◆ EXERCISE OBJECTIVE
Which lines hold the word "الزراعي"? Copy each of them from the material.

◆ DATA SUPPLIED
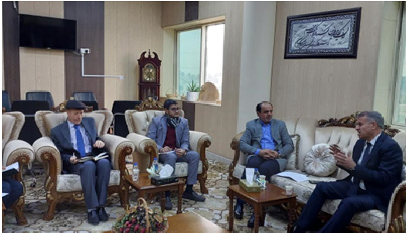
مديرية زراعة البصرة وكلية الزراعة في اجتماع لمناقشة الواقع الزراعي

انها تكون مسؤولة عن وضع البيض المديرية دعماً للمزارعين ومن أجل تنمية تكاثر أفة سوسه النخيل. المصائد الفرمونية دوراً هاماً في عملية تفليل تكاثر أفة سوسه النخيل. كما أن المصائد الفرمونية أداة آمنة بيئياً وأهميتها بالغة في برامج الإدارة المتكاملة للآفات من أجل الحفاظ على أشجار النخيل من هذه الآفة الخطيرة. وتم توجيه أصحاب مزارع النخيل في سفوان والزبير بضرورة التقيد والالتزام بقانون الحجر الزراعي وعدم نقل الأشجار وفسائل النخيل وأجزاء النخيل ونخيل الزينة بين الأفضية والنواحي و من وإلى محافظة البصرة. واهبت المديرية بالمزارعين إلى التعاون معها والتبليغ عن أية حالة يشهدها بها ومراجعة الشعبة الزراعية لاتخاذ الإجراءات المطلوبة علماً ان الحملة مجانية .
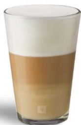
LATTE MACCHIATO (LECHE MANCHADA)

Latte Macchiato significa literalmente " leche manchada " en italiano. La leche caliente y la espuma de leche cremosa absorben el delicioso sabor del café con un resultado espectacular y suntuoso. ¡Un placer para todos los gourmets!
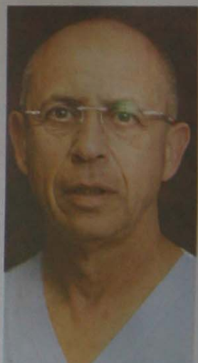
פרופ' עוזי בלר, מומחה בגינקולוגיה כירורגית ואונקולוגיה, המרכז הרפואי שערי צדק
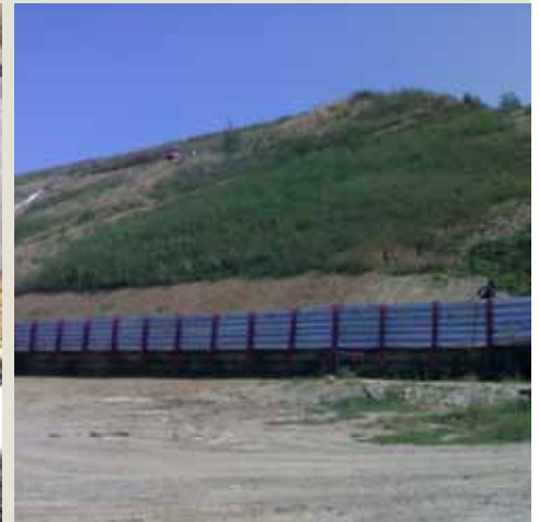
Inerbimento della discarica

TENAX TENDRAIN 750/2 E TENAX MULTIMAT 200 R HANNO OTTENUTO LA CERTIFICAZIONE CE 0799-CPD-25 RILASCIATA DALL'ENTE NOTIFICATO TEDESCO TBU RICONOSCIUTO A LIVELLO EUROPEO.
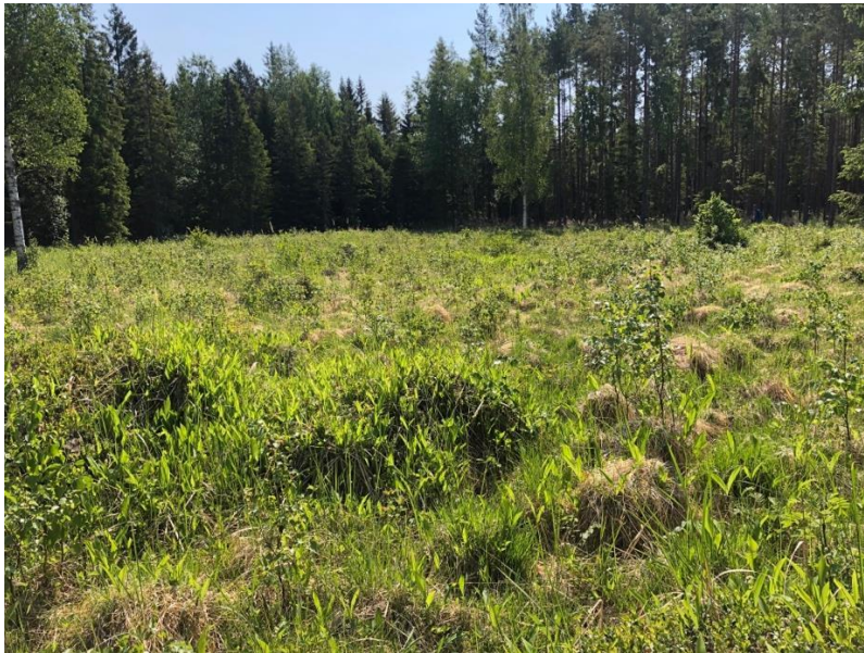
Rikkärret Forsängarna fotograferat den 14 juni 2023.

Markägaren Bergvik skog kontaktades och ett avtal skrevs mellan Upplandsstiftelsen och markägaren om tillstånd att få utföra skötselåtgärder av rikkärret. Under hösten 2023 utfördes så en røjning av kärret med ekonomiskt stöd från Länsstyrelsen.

--

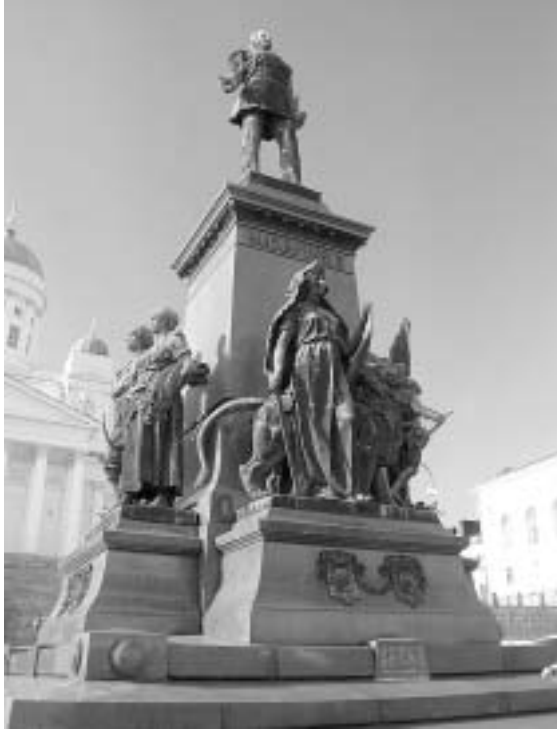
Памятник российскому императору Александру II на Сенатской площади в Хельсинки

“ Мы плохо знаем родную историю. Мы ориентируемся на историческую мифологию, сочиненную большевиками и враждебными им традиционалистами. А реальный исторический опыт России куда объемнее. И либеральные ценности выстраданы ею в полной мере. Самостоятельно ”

--

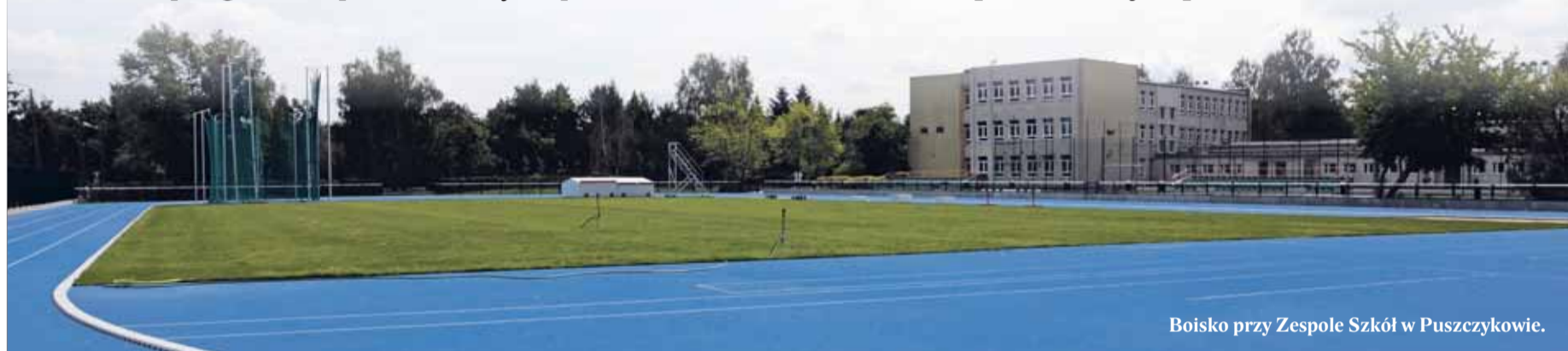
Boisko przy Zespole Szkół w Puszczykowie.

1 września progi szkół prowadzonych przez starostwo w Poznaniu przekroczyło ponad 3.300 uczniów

◆ RESULT OF THE EXERCISE
مديرية زراعة البصرة وكلية الزراعة في اجتماع لمناقشة الواقع الزراعي
انها تكون مسؤولة عن وضع البيض المديرية دعماً للمزارعين ومن أجل تنمية تكاثر أفة سوسه النخيل. المصائد الفرمونية دوراً هاماً في عملية تفليل تكاثر أفة سوسه النخيل. كما أن المصائد الفرمونية أداة آمنة بيئياً وأهميتها بالغة في برامج الإدارة المتكاملة للآفات من أجل الحفاظ على أشجار النخيل من هذه الآفة الخطيرة. وتم توجيه أصحاب مزارع النخيل في سفوان والزبير بضرورة التقيد والالتزام بقانون الحجر الزراعي وعدم نقل الأشجار وفسائل النخيل وأجزاء النخيل ونخيل الزينة بين الأفضية والنواحي و من وإلى محافظة البصرة. واهبت المديرية بالمزارعين إلى التعاون معها والتبليغ عن أية حالة يشهدها بها ومراجعة الشعبة الزراعية لاتخاذ الإجراءات المطلوبة علماً ان الحملة مجانية .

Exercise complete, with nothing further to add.